Annual sales of vinyl albums have soared past the million mark for the first time in 18 years – buoyed by veteran rock act Pink Floyd.
The format has been undergoing a renaissance with sales gradually increasing in recent years and it has now hit the seven-figure mark for the first time since 1996, only 11 months into the year.
Floyd’s first new release for 20 years, The Endless River, helped the figures sail over the million mark as it topped the chart at the weekend, according to new figures released by music industry body BPI.
And its vinyl sales of 6,000 in just a week are also the highest of any album since 1997.
Acts such as rock duo Royal Blood have helped to fuel the vinyl revival in recent months and the final figure for 2014 could be as high as 1.2 million according to projections, with the usual rush for Christmas purchases.

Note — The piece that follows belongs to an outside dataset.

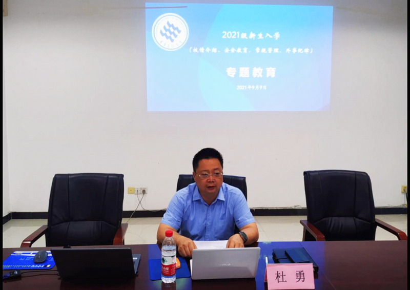 金风送爽,漫江碧透。mansion88明升于9月9日—12日,在红河B区格术楼C603举行2021级新生开学典礼暨入学教育。为严格落实疫情防控要求,开学典礼及入学教育采取线上线下相结合方式进行。党总支书记杜勇、全体学工人员参加,开学典礼由团总支书记邹盛瑜主持。

That would outstrip the 1.083 million sold in 1996, and be the highest since 1995 when they totalled 1.41 million.
This year’s running total is already hugely ahead of the 780,674 vinyl albums which sold in 2013.
The best-selling vinyl album of the year to date is AM by Arctic Monkeys, which was released in the summer of 2013.
Martin Talbot, chief executive of the Official Charts Company which compiled the figures, said: “In scoring the biggest opening week for a vinyl album this millennium, Pink Floyd’s The Endless River illustrates the British public’s renewed love for this format, which is on course to become a £20 million business this year – an incredible turnaround from barely £3 million just five years ago.
“This resurgence also underlines music fans’ continuing fascination with the album.”
Rock music has been the driver of vinyl sales with many acts keen to release albums on the format, reckoning it is still the true essence of rock and roll.
BPI spokesman Gennaro Castaldo said: “We have entered an exciting best-of-all-worlds era where there is space and scope for all kinds of music to be discovered and enjoyed in every type of way, including on vinyl once again.
“Many of us assumed it had become an obsolete format, but while the flame may have flickered, it never quite went out, and we are now seeing a burgeoning resurgence in demand led by exciting new acts such as Royal Blood that is likely to keep vinyl on our high streets for many more years to come.”
Despite the swelling sales it continues to be only a minor contributor to the UK’s music sales market, accounting for around 2%, while the fastest growing sector – streaming – makes up 10%.
This year’s total is almost five-times the level of sales at their 2007 low-point of just 205,000.
Interest in vinyl has also been pushed in recent years by the annual Record Store Day for which many labels create limited edition releases.
Music giant Universal Music is releasing a number of vinyl singles next month by acts such as The Who and The Beatles in its 12 Days Of Christmas campaign.